■ Pour ceux qui lisent la langue de Dante et s’intéressent aux polices italiennes du XIXe siècle, signalons cette publication à partir d’un fonds d’archives en grande partie inexploité conservé aux Archives d’État de Turin :
Paola Bianchi, Esercito e polizia dai moti costituzionali alle prime due guerre d’indipendenza, in Alessandria dal Risorgimento all'Unità d'Italia, II, Dal 1849 al 1859, a cura di V. Castronovo, Alessandria, Cassa di Risparmio di Alessandria-Fondazione Cassa di Risparmio di Alessandria, 2009
■ Pour ceux qui lisent la langue de Goethe, cet intéressant ouvrage collectif publié en 2008 et dirigé par Peter Lessman-Faust, un des meilleurs spécialistes allemands de l’histoire policière (et notamment de la période de la République de Weimar) : Peter Leßmann-Faust (Ed.), Polizei und Politische Bildung, Wiesbaden, Verlag für Sozialwissenschaften, 2008, 225p., € 39,90; ISBN: 978-3-531-15890-7
Les textes publiés dans ce livre s’attachent essentiellement aux transformations qui ont affecté la formation et le comportement de la police de la RFA à partir des années 1960. Klaus Weinhauer étudie la perte d’influence des traditionalistes parmi les hauts fonctionnaires de la police en tenue (Schutzpolizei) socialisés dans les polices de la République de Weimar et du IIIème Reich. Rafael Behr s’intéresse à l’accès des femmes dans les services de police et à ses conséquences sur le « policing » masculin. Udo Behrendes, Manfred Stenner, Gerda Maibach examinent les évolutions des relations entre citoyens et policiers. Michael Sturm, Ulrike Neuhoff, Stefan Goch développent les projets et méthodes de formation qui visent à conduire les policiers à s’intéresser à leur histoire et à des thèmes de la politique actuelle. Enfin, Peter Nitschke s’intéresse à « l’internationalisation » des forces de polices européennes.
■ Malheureusement réservé à ceux qui lisent le turc, un ouvrage important dans la mesure où il montre (confirme ?) une ouverture scientifique que traduisent les recherches actuelles menées en Turquie sur la police, un objet souvent et longtemps tabou...
Les comparaisons avec l’historiographie française sont fort intéressantes :
Noémi Lévy, Nadir Özbek, Alexandre Toumarkine (éd.), Jandarma ve Polis: Fransız ve Osmanlı Tarihçiliğine Çapraz Bakışlar, ["Gendarmerie et police: regards croisés sur les historiographies française et ottomane"], Istanbul, Tarih Vakfı, 2009.
■ « Eh, mon Dieu ! lui dit Candide en hollandais ... »
Marieke Bloembergen, De geschiedenis van de politie in Nederlands-Indië.

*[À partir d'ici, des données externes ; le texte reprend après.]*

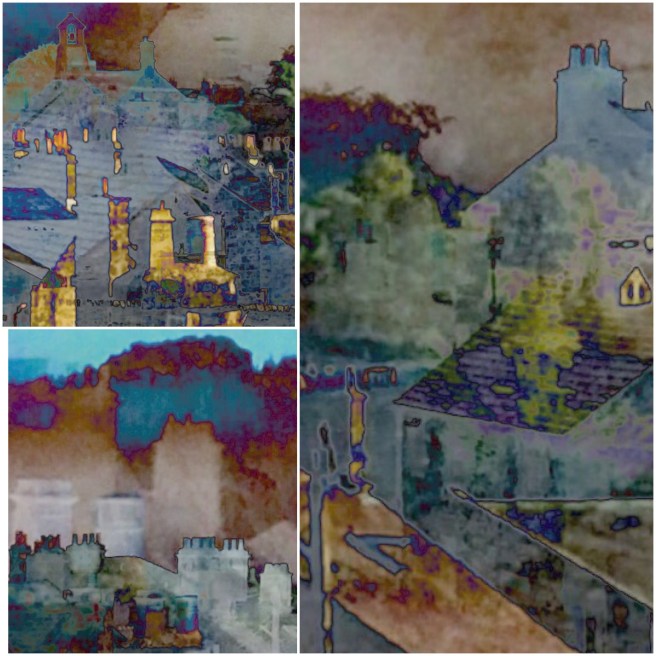 Layering the roof tops with the ‘difference’ filter creates these odd colours and isolating small areas suggests some possible designs.  If you work from a photo that is in your photo stream as opposed to your camera roll where it offers you a ‘duplicate and edit’ choice, you never lose your original by accident. But the apps are all pretty good and despite saving an edit, if you go back in to the app you can usually undo any changes.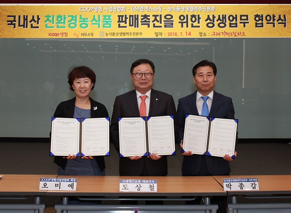 [소비자경제=이지연 기자] NS홈쇼핑이 iCOOP생협의 국내산 친환경 농산물 판매를 지원하고 생협 농가들을 대상으로 GAP인증 컨설팅을 진행하기 위해 '국내산 친환경 농식품 판매촉진을 위한 3자간 업무협약'을 체결했다.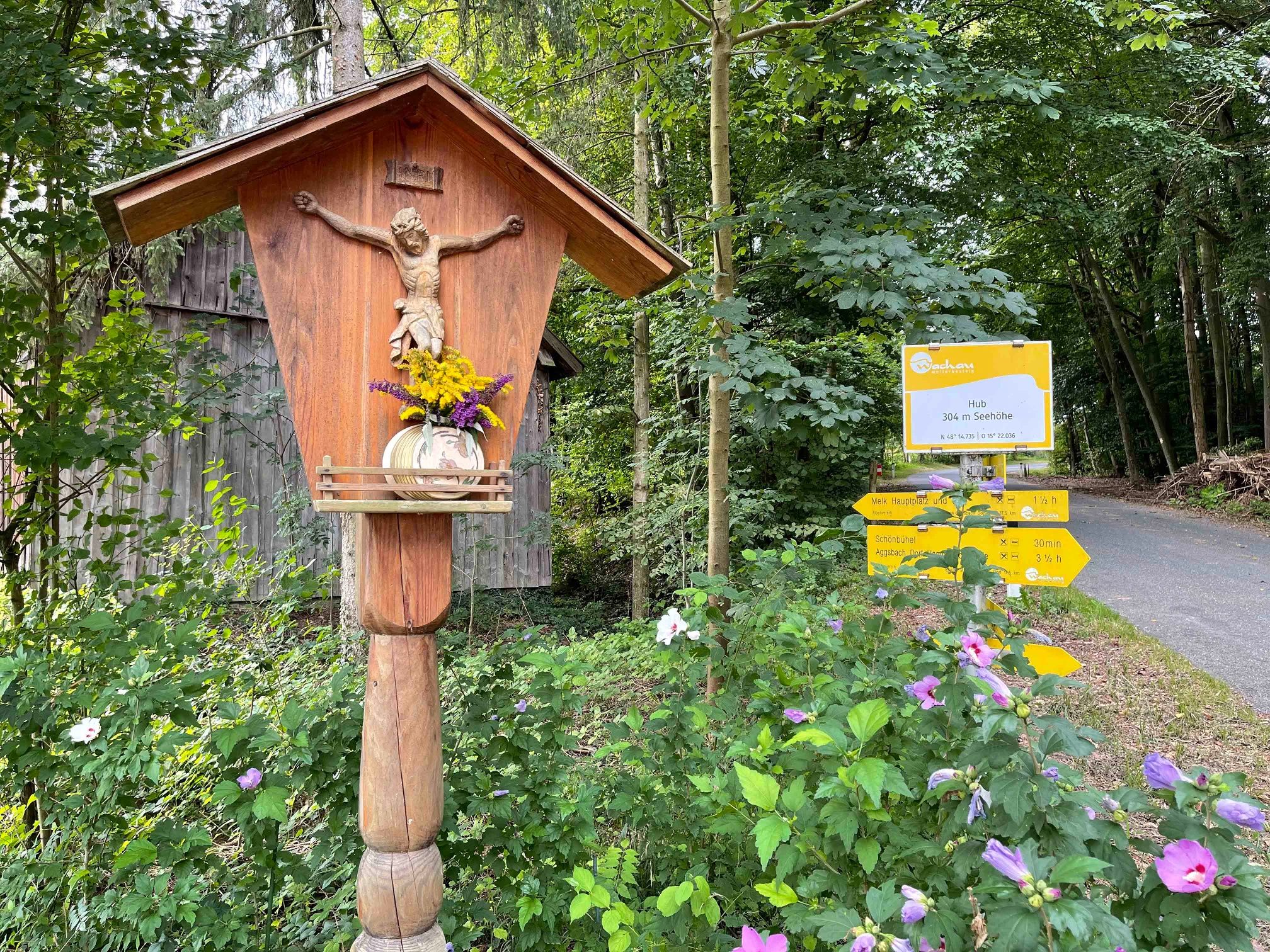 Durch den Ort Berging verläuft der Weg weiter durch bewaldetes Gebiet hinauf zur Hohenwarther Höhe, die mit weiten Rundblicken über den Dunkelsteinerwald beeindruckt. Über den Hohenwarthberg führt die Route schließlich hinab nach Aggsbach Dorf zur Donau, wo diese abwechslungsreiche Etappe des Welterbesteigs Wachau ihren Abschluss findet.

Uit zorg en angst, [The history of the police in the Dutch East Indies. Out of care and fear.] Amsterdam: Boom, Leiden: KITLV 2009
Cet ouvrage (qu’on peut se procurer auprès de l’éditeur KITLV à Leiden, contacter Ellen Sitinjak, sitinjak@kitlv.nl) retrace l’histoire de la police des Indes néerlandaises de 1870 à l’occupation japonaise en 1942. Il aborde, entre autres questions, le rôle de la police et l’usage de la violence dans le contexte d’un état colonial en formation. Jusqu’à quel point peut-on caractériser cet état colonial comme un « état policier » ? Qu’y avait-il de « colonial » dans le « colonial policing » ?
« La police moderne des Indes néerlandaises construite aux beaux jours de l’ethical policy (1900 -1920) fut le résultat de la peur et de l’intérêt. Peur des Européens à l’égard d’un monde indigène agité. Intérêt paternaliste pour la sécurité publique, l’hygiène et la moralité.
La police apportait également une réponse à un problème colonial type : les contradictions d’un état tiraillé entre la volonté de paraître civilisé et le recours à la force quand sa légitimité était mise en cause Les Indonésiens ne jouèrent qu’un rôle négligeable dans l’organisation et les réformes policières, mais assumaient l’essentiel des missions et fonctions policières. À la fin des années 1930, la police coloniale des Indes néerlandaises comptait 96% d’indigènes, le commandement et la hiérarchie étant toutefois presque entièrement réservés aux Européens ou à des Eurasiens .
La police, miroir de l’état colonial, devint ainsi un monstre à deux têtes : en cherchant à sauvegarder l’autorité de l’État, elle provoquait des résistances alors même que, pour satisfaire la demande de sécurité, elle avait besoin de la coopération de la population indigène.
Souvent objets de moqueries et de critiques, les policiers révèlent donc autant la force que la faiblesse de l’état colonial. » (Lettre aux Amis … de la Police § de la Gendarmerie – Janvier 2010).